▶ EXERCISE
Without skipping a line, reproduce the entries exactly.

▶ DATA
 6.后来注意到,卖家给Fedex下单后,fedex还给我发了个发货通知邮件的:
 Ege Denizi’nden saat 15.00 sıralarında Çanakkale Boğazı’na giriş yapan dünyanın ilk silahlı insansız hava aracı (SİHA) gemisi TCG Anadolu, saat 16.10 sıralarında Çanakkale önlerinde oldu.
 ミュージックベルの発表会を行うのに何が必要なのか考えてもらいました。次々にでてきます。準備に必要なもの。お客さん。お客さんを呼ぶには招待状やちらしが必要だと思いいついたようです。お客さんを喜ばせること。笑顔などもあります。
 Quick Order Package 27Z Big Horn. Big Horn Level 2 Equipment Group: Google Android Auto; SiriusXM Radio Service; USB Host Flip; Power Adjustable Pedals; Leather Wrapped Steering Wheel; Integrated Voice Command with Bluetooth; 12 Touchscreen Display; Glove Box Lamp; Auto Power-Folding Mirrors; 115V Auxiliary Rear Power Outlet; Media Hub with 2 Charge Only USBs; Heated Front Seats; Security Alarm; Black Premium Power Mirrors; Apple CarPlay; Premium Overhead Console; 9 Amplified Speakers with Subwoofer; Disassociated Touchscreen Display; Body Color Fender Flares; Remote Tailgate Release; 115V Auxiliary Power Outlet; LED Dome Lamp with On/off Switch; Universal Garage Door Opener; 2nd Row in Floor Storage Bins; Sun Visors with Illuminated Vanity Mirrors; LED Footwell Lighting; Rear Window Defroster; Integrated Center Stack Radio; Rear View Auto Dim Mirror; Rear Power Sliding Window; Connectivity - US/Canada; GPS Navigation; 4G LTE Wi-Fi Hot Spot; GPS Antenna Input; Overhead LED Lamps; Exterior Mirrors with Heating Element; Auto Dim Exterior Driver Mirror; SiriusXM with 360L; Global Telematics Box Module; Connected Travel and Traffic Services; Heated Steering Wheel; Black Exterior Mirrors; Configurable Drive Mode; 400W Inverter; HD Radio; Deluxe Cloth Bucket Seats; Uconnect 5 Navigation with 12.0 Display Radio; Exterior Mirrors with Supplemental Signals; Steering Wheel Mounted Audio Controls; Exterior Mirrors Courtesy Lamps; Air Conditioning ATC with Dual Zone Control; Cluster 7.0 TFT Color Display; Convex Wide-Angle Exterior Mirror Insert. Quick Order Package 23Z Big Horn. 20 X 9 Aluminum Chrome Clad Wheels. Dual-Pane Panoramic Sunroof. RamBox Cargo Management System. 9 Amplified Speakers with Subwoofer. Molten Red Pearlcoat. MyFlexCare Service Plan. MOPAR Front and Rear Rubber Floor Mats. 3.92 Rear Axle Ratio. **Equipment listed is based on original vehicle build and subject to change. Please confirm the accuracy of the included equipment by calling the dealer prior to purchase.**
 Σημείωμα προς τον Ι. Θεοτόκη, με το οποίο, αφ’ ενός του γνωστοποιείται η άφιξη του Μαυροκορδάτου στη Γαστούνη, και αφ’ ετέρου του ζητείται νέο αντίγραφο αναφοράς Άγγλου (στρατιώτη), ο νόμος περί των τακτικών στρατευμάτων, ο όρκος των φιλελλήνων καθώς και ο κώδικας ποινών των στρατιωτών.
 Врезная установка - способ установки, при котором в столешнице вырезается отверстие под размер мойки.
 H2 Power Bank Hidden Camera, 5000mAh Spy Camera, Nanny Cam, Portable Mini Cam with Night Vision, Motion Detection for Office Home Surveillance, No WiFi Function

▶ WRITTEN ANSWER
 6.后来注意到,卖家给Fedex下单后,fedex还给我发了个发货通知邮件的:
 Ege Denizi’nden saat 15.00 sıralarında Çanakkale Boğazı’na giriş yapan dünyanın ilk silahlı insansız hava aracı (SİHA) gemisi TCG Anadolu, saat 16.10 sıralarında Çanakkale önlerinde oldu.
 ミュージックベルの発表会を行うのに何が必要なのか考えてもらいました。次々にでてきます。準備に必要なもの。お客さん。お客さんを呼ぶには招待状やちらしが必要だと思いいついたようです。お客さんを喜ばせること。笑顔などもあります。
 Quick Order Package 27Z Big Horn. Big Horn Level 2 Equipment Group: Google Android Auto; SiriusXM Radio Service; USB Host Flip; Power Adjustable Pedals; Leather Wrapped Steering Wheel; Integrated Voice Command with Bluetooth; 12 Touchscreen Display; Glove Box Lamp; Auto Power-Folding Mirrors; 115V Auxiliary Rear Power Outlet; Media Hub with 2 Charge Only USBs; Heated Front Seats; Security Alarm; Black Premium Power Mirrors; Apple CarPlay; Premium Overhead Console; 9 Amplified Speakers with Subwoofer; Disassociated Touchscreen Display; Body Color Fender Flares; Remote Tailgate Release; 115V Auxiliary Power Outlet; LED Dome Lamp with On/off Switch; Universal Garage Door Opener; 2nd Row in Floor Storage Bins; Sun Visors with Illuminated Vanity Mirrors; LED Footwell Lighting; Rear Window Defroster; Integrated Center Stack Radio; Rear View Auto Dim Mirror; Rear Power Sliding Window; Connectivity - US/Canada; GPS Navigation; 4G LTE Wi-Fi Hot Spot; GPS Antenna Input; Overhead LED Lamps; Exterior Mirrors with Heating Element; Auto Dim Exterior Driver Mirror; SiriusXM with 360L; Global Telematics Box Module; Connected Travel and Traffic Services; Heated Steering Wheel; Black Exterior Mirrors; Configurable Drive Mode; 400W Inverter; HD Radio; Deluxe Cloth Bucket Seats; Uconnect 5 Navigation with 12.0 Display Radio; Exterior Mirrors with Supplemental Signals; Steering Wheel Mounted Audio Controls; Exterior Mirrors Courtesy Lamps; Air Conditioning ATC with Dual Zone Control; Cluster 7.0 TFT Color Display; Convex Wide-Angle Exterior Mirror Insert. Quick Order Package 23Z Big Horn. 20 X 9 Aluminum Chrome Clad Wheels. Dual-Pane Panoramic Sunroof. RamBox Cargo Management System. 9 Amplified Speakers with Subwoofer. Molten Red Pearlcoat. MyFlexCare Service Plan. MOPAR Front and Rear Rubber Floor Mats. 3.92 Rear Axle Ratio. **Equipment listed is based on original vehicle build and subject to change. Please confirm the accuracy of the included equipment by calling the dealer prior to purchase.**
 Σημείωμα προς τον Ι. Θεοτόκη, με το οποίο, αφ’ ενός του γνωστοποιείται η άφιξη του Μαυροκορδάτου στη Γαστούνη, και αφ’ ετέρου του ζητείται νέο αντίγραφο αναφοράς Άγγλου (στρατιώτη), ο νόμος περί των τακτικών στρατευμάτων, ο όρκος των φιλελλήνων καθώς και ο κώδικας ποινών των στρατιωτών.
 Врезная установка - способ установки, при котором в столешнице вырезается отверстие под размер мойки.
 H2 Power Bank Hidden Camera, 5000mAh Spy Camera, Nanny Cam, Portable Mini Cam with Night Vision, Motion Detection for Office Home Surveillance, No WiFi Function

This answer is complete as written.